We provide a set of trained NeuSomatic network models for general purpose usage. Users should note that these models are trained for sepcific settings and are not supposed to work perfectly for all circumestances.

The SEQC-II pretrained models are the recommended NeuSomatic models and are analyzed in detail in Sahraeian et al. 2019.

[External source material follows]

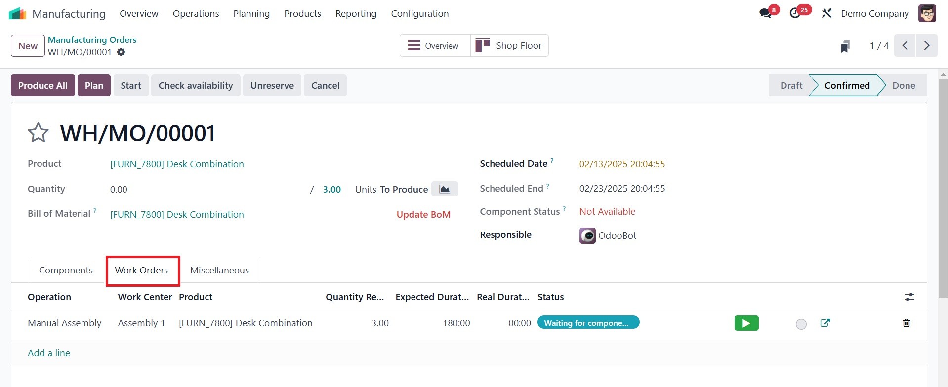 the work center. Click the

The following models can be found at neusomatic/models folder:

Latest models

Model Mode Training Information
NeuSomatic_v0.1.4_standalone_SEQC-WGS-Spike.pth Stand-alone SEQC-II (SEQC-WGS-Spike model) (trained on 20 WGS replicate pairs with in silico somatic mutations of 1%-100% AF, matched with both 95%N and 100%N, Illumina HiSeq and NovaSeq, BWA-MEM, ~40x-220x)
NeuSomatic_v0.1.4_ensemble_SEQC-WGS-Spike.pth Ensemble SEQC-II (SEQC-WGS-Spike model) (trained on 20 WGS replicate pairs with in silico somatic mutations of 1%-100% AF, matched with both 95%N and 100%N, Illumina HiSeq and NovaSeq, BWA-MEM, ~40x-220x, 5 callers used: MuTect2, Strelka2, MuSE, SomaticSniper, VarDict)
NeuSomatic_v0.1.4_standalone_SEQC-WGS-GT50-SpikeWGS10.pth Stand-alone SEQC-II (SEQC-WGS-GT50-SpikeWGS10 model) (trained on combination of two datasets: (1) 50% of the genome for 24 real tumor-normal SEQC-II replicates using the HighConf truth set annotation, with multiple purity settings of 100T-100N/10T-100N/10T-95N, 1%-100% AF and (2) 10% of data used in NeuSomatic_v0.1.4_standalone_SEQC-WGS-Spike.pth model. Illumina HiSeq and NovaSeq, BWA-MEM, ~40x-390x)
NeuSomatic_v0.1.4_ensemble_SEQC-WGS-GT50-SpikeWGS10.pth Ensemble SEQC-II (SEQC-WGS-GT50-SpikeWGS10 model) (trained on combination of two datasets: (1) 50% of the genome for 24 real tumor-normal SEQC-II replicates using the HighConf truth set annotation, with multiple purity settings of 100T-100N/10T-100N/10T-95N, 1%-100% AF and (2) 10% of data used in NeuSomatic_v0.1.4_ensemble_SEQC-WGS-Spike.pth model. Illumina HiSeq and NovaSeq, BWA-MEM, ~40x-390x, 5 callers used: MuTect2, Strelka2, MuSE, SomaticSniper, VarDict)

Older models

Model Mode Training Information
NeuSomatic_v0.1.3_standalone_Dream3.pth Stand-alone WGS Dream Challenge Stage 3 (trained on multiple purity settings: 100T-100N/50T-100N/70T-95N/50T-95N/25T-95N, Illumina, BWA-MEM, ~30x)
NeuSomatic_v0.1.3_ensemble_Dream3.pth Ensemble WGS Dream Challenge Stage 3 (trained on multiple purity settings: 100T-100N/50T-100N/70T-95N/50T-95N/25T-95N, Illumina, BWA-MEM, ~30x, 6 callers used: MuTect2, Strelka2, MuSE, SomaticSniper, VarDict, VarScan2)
NeuSomatic_v0.1.0_standalone_Dream3_70purity.pth Stand-alone WGS Dream Challenge Stage 3 (70% tumor and 95% normal purities, Illumina, BWA-MEM, ~30x)
NeuSomatic_v0.1.0_ensemble_Dream3_70purity.pth Ensemble WGS Dream Challenge Stage 3 (70% tumor and 95% normal purities, Illumina, BWA-MEM, ~30x, 6 callers used: MuTect2, Strelka2, MuSE, SomaticSniper, VarDict, VarScan2)
NeuSomatic_v0.1.0_standalone_WEX_100purity.pth Stand-alone WEX (100% tumor and normal purities, Illumina, BWA-MEM, ~125x)
NeuSomatic_v0.1.0_ensemble_WEX_100purity.pth Ensemble WEX (100% tumor and normal purities, Illumina, BWA-MEM, ~125x, 6 callers used: MuTect2, Strelka2, MuSE, SomaticSniper, VarDict, VarScan2)

HPC run

For distributed data processing on HPC platforms, the input regions can be splitted to smaller sub-regions as follows:

python split_bed.py \
	--region_bed region.bed \
	--output work \
	--num_splits 10

Then, each sub-region can be processed as follows (for instance on SGE cluster):

for i in {0..10}
do
	qsub -pe smp 24 \
	"python preprocess.py \
	--mode call [or --mode train]
	--reference GRCh38.fa --tumor_bam tumor.bam --normal_bam normal.bam \
	--region_bed work/splits/region_${i}.bed \
	--work work/work_${i} \
	--min_mapq 10 --number_threads 24 \
	--scan_alignments_binary ../bin/scan_alignments"
done

Then the candiate .tsv files to be used for train/call can be found at work_*/dataset/*/candidates*.tsv.

License

NeuSomatic is licensed under a Creative Commons Attribution-NonCommercial-ShareAlike 4.0 International License.